Читаем Люди не ангелы полностью

За околицей села все остановились. Последние минуты прощанья трудные, тягостные. Павел, чтобы скрыть волнение, стал смотреть на старый ветряк. Почему-то вспомнилось, как встречался он здесь с Настей… Может, и в душе Насти при виде ветряка всколыхнулись какие-то струны и тоскливо запели о прошлом. Она вдруг отшатнулась от Саши и бросилась к Павлу на грудь, судорожно обвила руками его шею.

— Прости меня, Павлик!.. Прости бога ради… — взволнованно и горячо зашептала Настя. — И живым возвращайся…

От близкого горячечного взгляда Насти, от ее знакомого голоса и трепетных, как крылья подстреленной птицы, рук сердце Павла вздрогнуло и бешено заколотилось. Чем-то далеким и родным, мучительно-сладким пахнуло на него.

— Ну-ну, не дури! — Саша со злым смущенным хохотком оторвал Настю от Павла.

Поборов смятение, Павел хотел сказать Насте какие-то добрые, примирительные слова, хотел напомнить Саше, что он, Павел, и Настя все-таки росли в одной хате, но так и не нашел нужных слов.

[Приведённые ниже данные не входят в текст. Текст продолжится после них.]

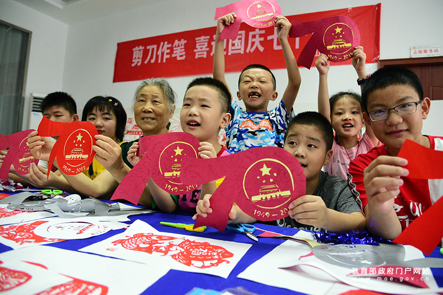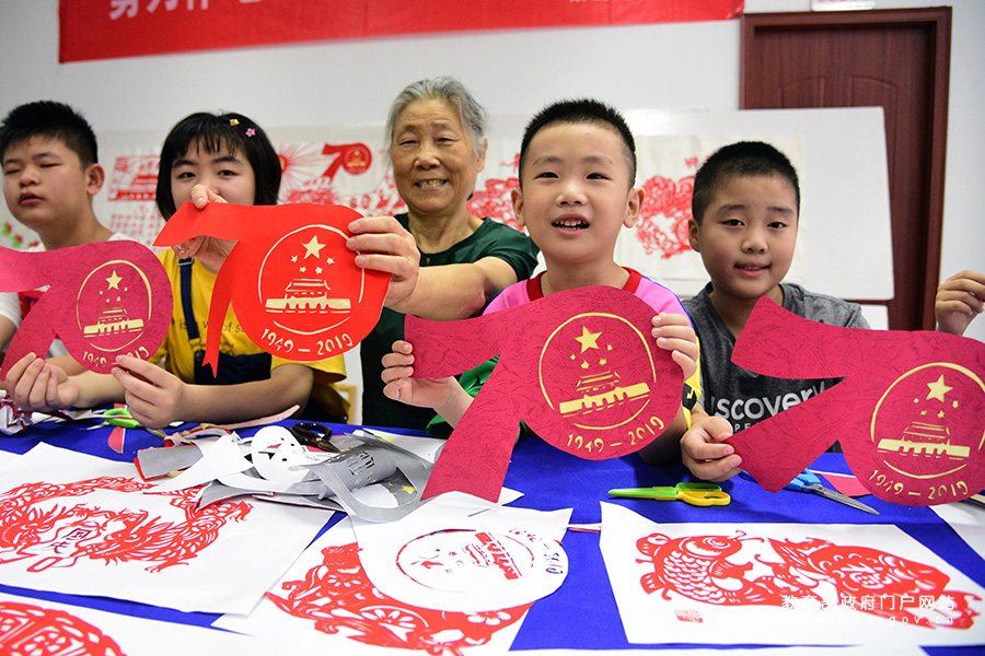 尹桂蘭和小朋友們一起展示“慶祝中華人民共和國成立70周年活動(dòng)標(biāo)識(shí)”剪紙作品。(石玉成/攝)

…Далеко позади осталась заплаканная Кохановка. Вслед уходящим хмуро смотрело сквозь серую дымку облаков багровое солнце. Казалось, оно размышляло над тем, что существует в безбрежном океане вселенной песчинка — планета Земля, и на этой песчинке свирепствуют непонятные для него ураганы человеческих страстей.

КНИГА ВТОРАЯ

1

На горизонте, где скрылось солнце, словно начиналось огнистое море. У края земли оно плескалось раскаленной лавой, грызло огненными зубами берег и жутко кровянило небо. Однако не был, как всегда, немым этот пламенный закат. Он сердито рокотал устрашающим голосом орудий, тяжело стонал бомбовыми раскатами: не только солнце до жаркой красноты накаляло небо — в пожарах корчилась на западе земля.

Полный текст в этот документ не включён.